David Harris (photo: Jason Henry) |
David Harris, the activist and journalist "who in the late 1960s became a national figure for encouraging young men to resist being drafted to serve in the Vietnam War, and who went to jail after refusing the draft himself," died February 6, the New York Times reported. He was 76.
When Harris was drafted in 1968, he refused to report for induction and was almost immediately indicted by federal authorities. A few months after his indictment, he married singer Joan Baez, whom he had met through the antiwar movement. They had been touring the U.S. for 16 months, with Baez performing as a warm-up to his antiwar speeches.
Harris was convicted in 1969, sentenced to three years in federal prison, and served 20 months. After his release, he and Baez divorced, though they remained close friends for the rest of his life.

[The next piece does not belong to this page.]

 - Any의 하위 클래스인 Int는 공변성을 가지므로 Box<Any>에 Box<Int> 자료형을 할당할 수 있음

"There wasn't any question to me that this guy had enormous talent for speaking," Baez said. "We'd go around, do this dog and pony show, and I would open up for him, singing, and people would all get together to hear David Harris talking about how we're going to change the world."

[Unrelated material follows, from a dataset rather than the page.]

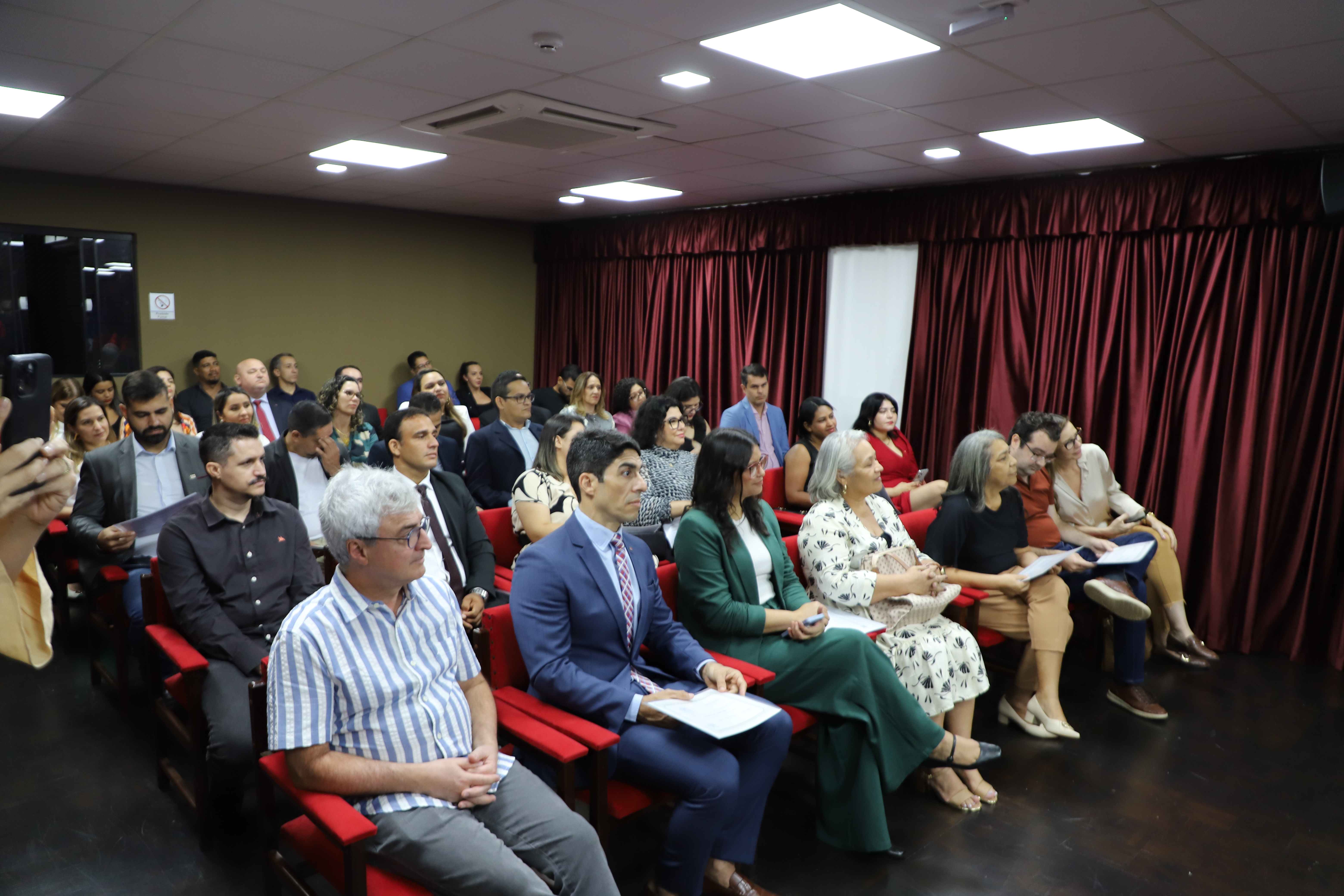 Os alunos(as) presentes na cerimônia de encerramento foram recebidos pelo Diretor da Emeron, o Presidente do TJRO e o Presidente da OAB/RO e depois foram chamados um a um, para receber o certificado de conclusão da formação.

Harris eventually wrote a letter to Jann Wenner, the publisher of Rolling Stone magazine, offering to sell him a series of antiwar essays. Wenner suggested instead a profile of Ron Kovic, a Marine whose battlefield injuries in Vietnam had left him unable to use his legs, and who went on to be a prominent antiwar activist.
The article, "Ask a Marine," ran in 1973 and launched Harris's second career as a magazine journalist and author. He spent the next five years writing for Rolling Stone and in 1978 became a contributing writer for the New York Times Magazine. A decade later, he left the magazine to write books full time. Kovic would later write his own autobiography, Born on the Fourth of July.
Harris published several investigative books about sports, politics and the environment, including I Shoulda Been Home Yesterday: Twenty Months In Prison for Not Killing Anybody (1976); The Last Stand: the War Between Wall Street and Main Street Over California's Ancient Redwoods (1996); Our War: What We Did in Vietnam and What It Did to Us (1996); and, most recently, My Country 'Tis of Thee: Reporting, Sallies and Other Confessions 2020).
"The death of David Harris marks the passing of a hero who stood by his conviction that the Vietnam War was morally wrong," Book Passage bookstore, Corte Madera, Calif., noted in an e-mail tribute. "He strongly opposed the draft that fed so many young men into that conflict, and he never shrank from the consequences of his leadership against that war. Book Passage was honored to host Harris at events for each of his brilliant books. His last Book Passage appearance was in 2020 in an online interview with Peter Coyote during the height of the Covid pandemic."